はじめに
これまでの連載では見積デモのGUIの機能について着目し、説明を行ってきました。この連載は今回で最終回となりますが、最後は印刷の機能について見ていきたいと思います。見積デモの見積書タブには、最終的に作成された見積書を印刷するための『見積書発行』ボタンが用意されています。このボタンには以下の機能が組み込まれています。
- 入力チェックを行う
- 印刷する
今回は、この印刷を実行するまでの処理について見ていきます。
印刷機能とは
Curlにおける印刷機能とは、画面と同様の方法で生成した帳票などのグラフィックを、ローカルのプリンタを利用して印刷することができる機能のことです。多くのWebアプリケーションでは、HTMLで帳票のような複雑なグラフィックを作成することができないため、ローカルで印刷を行う際はサーバ側で一度PDFなどに出力し、そのPDFをダウンロードさせて印刷を行う、といった方法をとることが一般的です。
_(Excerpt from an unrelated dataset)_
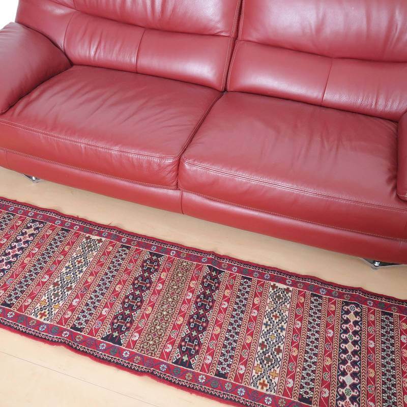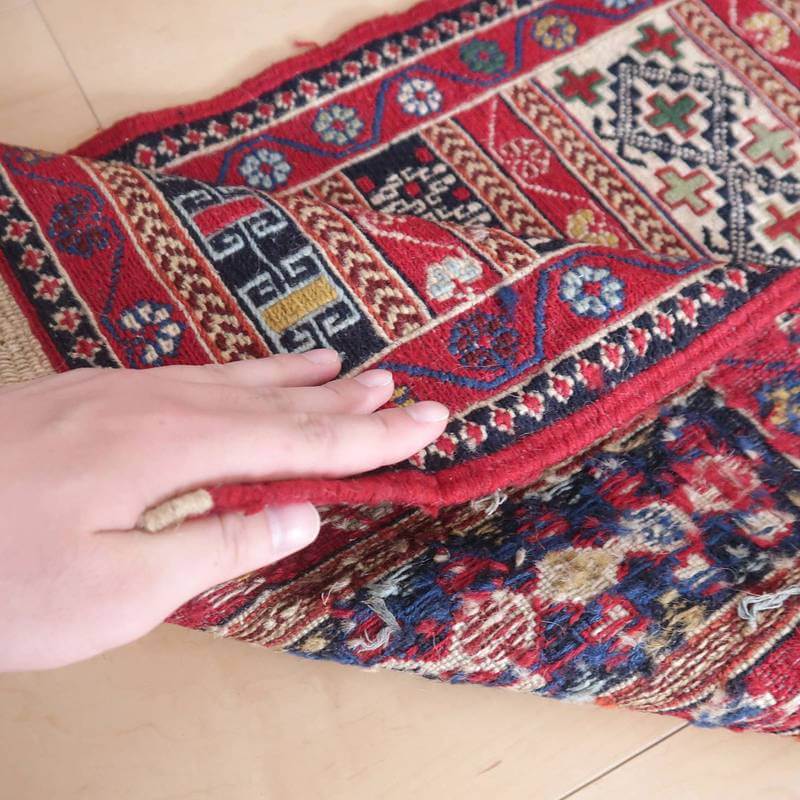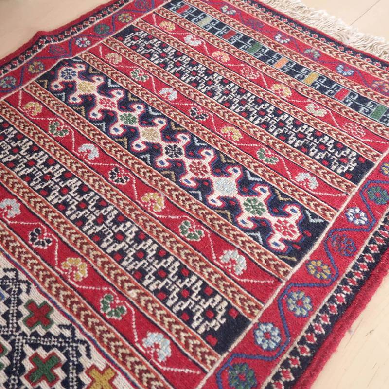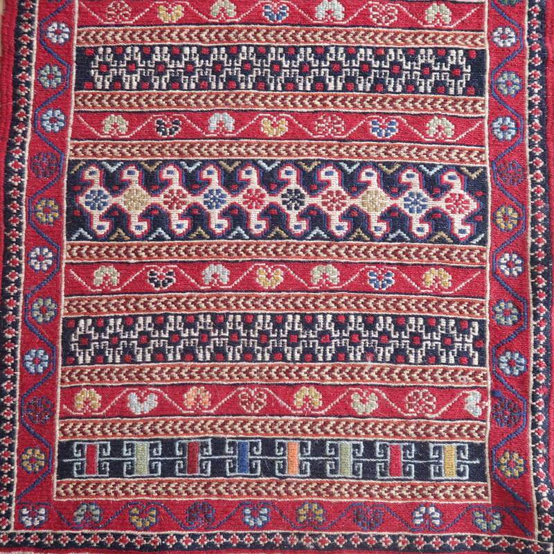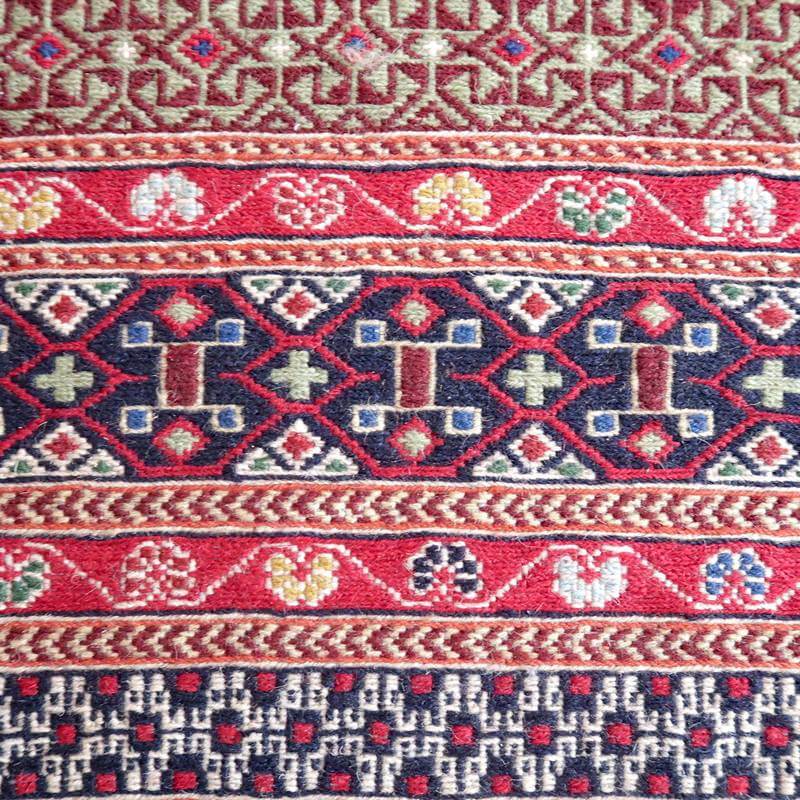 刺繍のように細かな文様が全面に施された美しいスマック織りのキリム。赤を基調に様々な色で文様が入った多色使いですが柄が細かいので落ち着きもあります。一目一目の模様をじっくり眺めて味わえるキリムでたいへん上質感があります。スマック織りは裏面に模様の糸を渡してあるので片面使いのキリムになります。スマック織りとは、イランのキリムの織り方の技法です。生地は刺繍のような仕上がりですが、これは後から刺したものではなく、土台の縦糸と横糸の上にもう一本横糸を絡めるように巻き込んで織っていく高度なテクニックで、生地を二重に織るため通常の平織りのキリムより倍の手間ひまが掛かる分高価になりますが、非常に堅固で丈夫、また普通より細かなデザインを描けるという長所がありますので、価格以上の価値を感じて頂けるキリムです。

それに対してCurlは、クライアント側で印刷するグラフィックを生成し、プリンタに直接印刷を行わせることができます。これによりダウンロードする時間を省けるため、迅速な印刷が可能になります。また、ただ印刷を行うだけでなく、印刷する用紙のマージンやヘッダー・フッターなどを指定するほか、印刷の向きや印刷するプリンタ名なども指定することができます。
Curlで印刷を行うときにはprint-graphicというプロシージャを呼び出します。これだけで印刷を実行できるのですが、簡単すぎて逆に分かりづらいと思いますのでサンプルソースを見てみましょう。
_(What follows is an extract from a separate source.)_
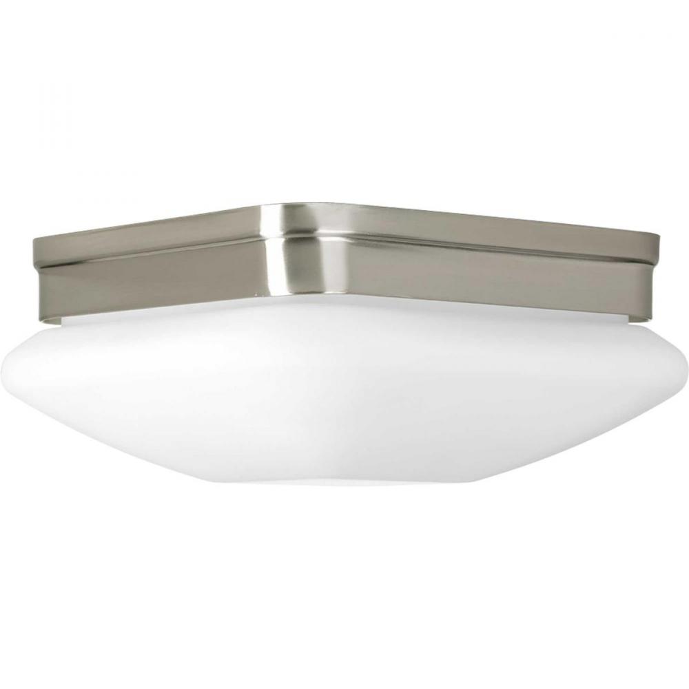 With an elevated style, the two-light 9 inch flush mount appeals to current home decor trends. Soft contemporary design includes square etched opal glass. Damp location listed. Brushed Nickel finish.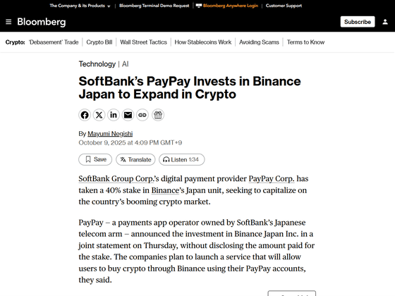https://www.bloomberg.com/news/articles/2025-10-09/softbank-s-paypay-invests-in-binance-japan-to-expand-in-crypto

{curl 6.0 applet} {curl-file-attributes character-encoding = "shift-jis"} ||印刷したいグラフィックを生成します。 {let print-image:Frame = {Frame width = 100pt, height = 100pt, background = "yellow", "印刷に成功しました" } } {CommandButton label = "印刷", {on Action do ||印刷したいグラフィックを指定して、 ||印刷を実行します。 {print-graphic print-image} } }
このサンプルを実行すると、以下のようなボタンが表示されます。
このボタンを押下するとプリンタのダイアログが表示されて、さらに『OK』ボタンを押下すると以下のようなグラフィックが印刷されます。
印刷の基本はこれだけです。この時にprint-graphicのプロパティを設定することでプリンタ名を指定したり、印刷の向きやヘッダー・フッターなどを指定したりすることができます。
ところで、印刷といえばセットで「プレビュー」機能も用意されているものです。プレビューは、印刷するグラフィックを何らかの方法で表示してあげればよいので、先程のサンプルコードに以下の記述を追加するだけで実現できます。
{curl 6.0 applet} {curl-file-attributes character-encoding = "shift-jis"} ||印刷したいグラフィックを生成します。 {let print-image:Frame = {Frame width = 100pt, height = 100pt, background = "yellow", "印刷に成功しました" } } {CommandButton label = "印刷", {on Action do ||印刷のプレビューを表示します。 {popup-message title = "印刷プレビュー", print-image } ||印刷したいグラフィックを指定して、 ||印刷を実行します。 {print-graphic print-image} } }
これを実行すると、プリンタのダイアログが表示される前に以下のようなプレビューのダイアログが表示されます。